This is my new home, my new surroundings. Everything is different here. There are so many bright and wonderful tones and colours. I remember vividly the silver glow at home that never died, yet here at night everything is pitch black. I want to go home. The Moon Kingdom constantly shines through my window, warming my face. This is only my second day here! How will I cope with the rest of my life?

I have not met the prince. Many say he is a solitary man, often away hunting or studying for many hours, not even present for dinner most nights. We are to be wed tomorrow, and I suppose the first time I will see him will be at the altar. It would be nice to talk with him before then, but as the sun sets I feel that is less likely. I have accepted that love is not essential in a marriage but I hope to at least find some mutual respect, or understanding. That will make the years pass quicker I think.

Behind me the door opened.

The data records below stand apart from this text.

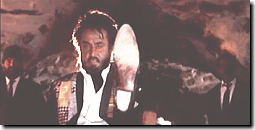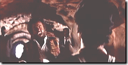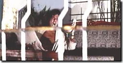 01秒20 | 対象物(者)との距離がさらに縮まったら さらに勢いを増すために、 顔をやや右斜めに傾け、 椅子の背もたれに 完全にもたれかかるようにします。 また口を大きくあけて 眉間にしわを寄せる表情を作ります。 |
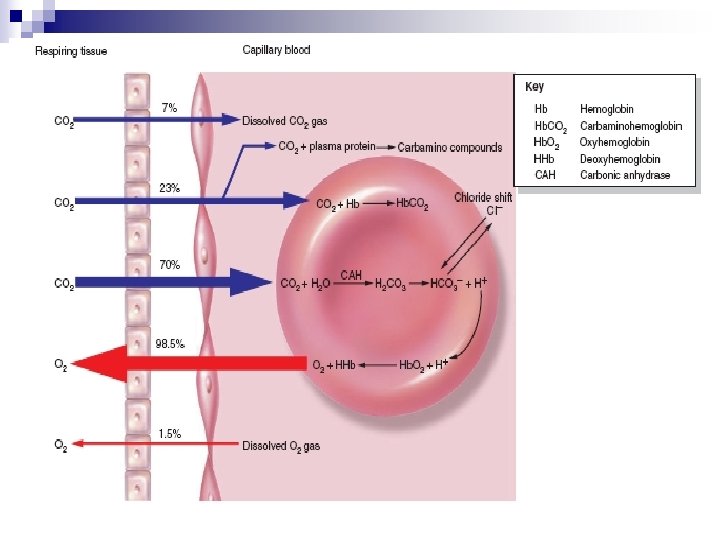 Gas diffusion Oxygen, mm Hg Medium 159 Atmosphere Carbon dioxide, mm Hg 0. 2 104 -108 Alveolar air 38 40 Venous blood 46 100 -102 Arterial blood 40 0 -20 Tissue fluid 60
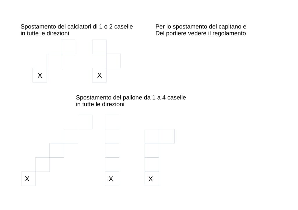 Il pallone per l’inizio partita va posizionato nella casella centrale cerchiata. Tassativo, ciascun giocatore si alterna nel turno della mossa.
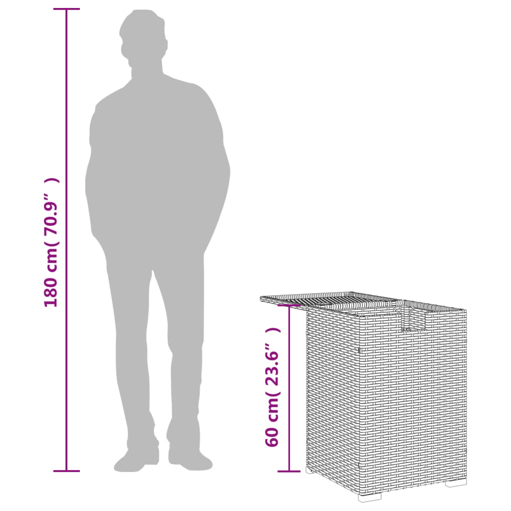 Gestalte deinen Außenbereich schöner mit diesem Propan-Tank-Abdeckungstisch! Langlebiges Material: PE-Rattan, auch als Poly Rattan bekannt, ist ein robustes, pflegeleichtes synthetisches Material, das die Optik von natürlichem Rattan aufweist. Es kennzeichnet sich durch ein geringes Eigengewicht und lässt sich einfach reinigen. Aufgrund seiner Haltbarkeit und Witterungsbeständigkeit wird es häufig bei der Herstellung von Gartenmöbeln verwendet.Verstecktes Staufach: Dieser Verstecktisch ist für 9 kg schwere Standard-Propantanks bestimmt. Er wertet deinen Außenbereich auf und gewährleistet gleichzeitig die Sicherheit von Kindern.Praktischer Zugang: Der Klappdeckel und die Schlauchöffnung ermöglichen einen einfachen Zugang zu deinem Gastank.Vielseitige Funktionalität: Dieses Möbelstück erfüllt einen doppelten Zweck: Es dient als Verkleidung für den Propantank und als praktischer Beistelltisch, auf dem du verschiedene Alltagssachen griffbereit halten kannst.Robuster und stabiler Rahmen: Dank des pulverbeschichteten Stahlrahmens ist das Möbelstück robust, stabil und für den täglichen Einsatz im Außenbereich geeignet. Gut zu wissen:Wir empfehlen dir, deine Gartenmöbel mit einer wasserdichten Hülle zu schützen, um lange Zeit eine ansprechende Optik aufzuweisen.
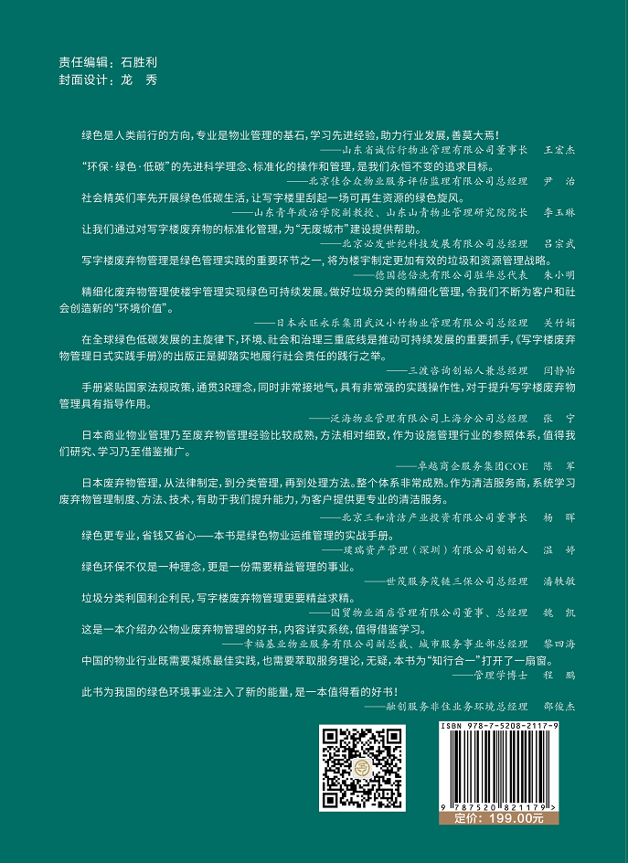 本书是中日合作集体智慧的结晶。日本设施管理协会 F M 战略委员会安蘓秀德委员指导编写,主编之一的高彦先生常驻日本工作,部分编委来自两家日资背景企业,一家日本物业环境用品公司提供了技术和图片支持,使本书具有鲜明的日式特色。国内编委既有高校教授,又有头部企业高管和物业管理专家,清洁企业与垃圾分类企业高管,还有欧美清洁专家。确保了手册建立在国际视角上的系统性、实用性和严谨性,既有方法论,又具可操作性。

I sensed it more than I heard it. I held myself still as if I was still engrossed within my writing, but my heart was racing. Who could that be at?

'Princess Serenity?' a man's voice, deep and steady. At my name I turned. In the doorway stood a young gentleman dressed in unadorned courtly clothes, yet it was his eyes that captivated me. So deep, so dark but with a glitter of moonlight within them. His face was fair, framed by his fluffy, ebony hair. Here was Prince Endymion, heir to the throne of earth.

Our eyes meet and locked. The silence between us thickened; only the steady thump of my heart kept my senses as I observed his statue, the slimness of his waist yet the firmness of his muscles. I was awe-struck.

'I thought I should greet you informally before our union tomorrow.' With that he bowed, and I hastily returned the gesture. He suddenly spun and exited the room.

How strange. I have just laid eyes on the prince and although he is very handsome I sense that he is cold and distant. What was the purpose of his greeting? Why leave it the evening before our union? It is now the early hours of the mourning and the moon gleams brightly in the night sky. I leave my window open so I can feel the moonlight fresh on my skin. My life is so different to how I planned it. But at least here on earth I can live a peaceful, contented life. I can make a difference in one way or another.

Why does writing this no longer convince me?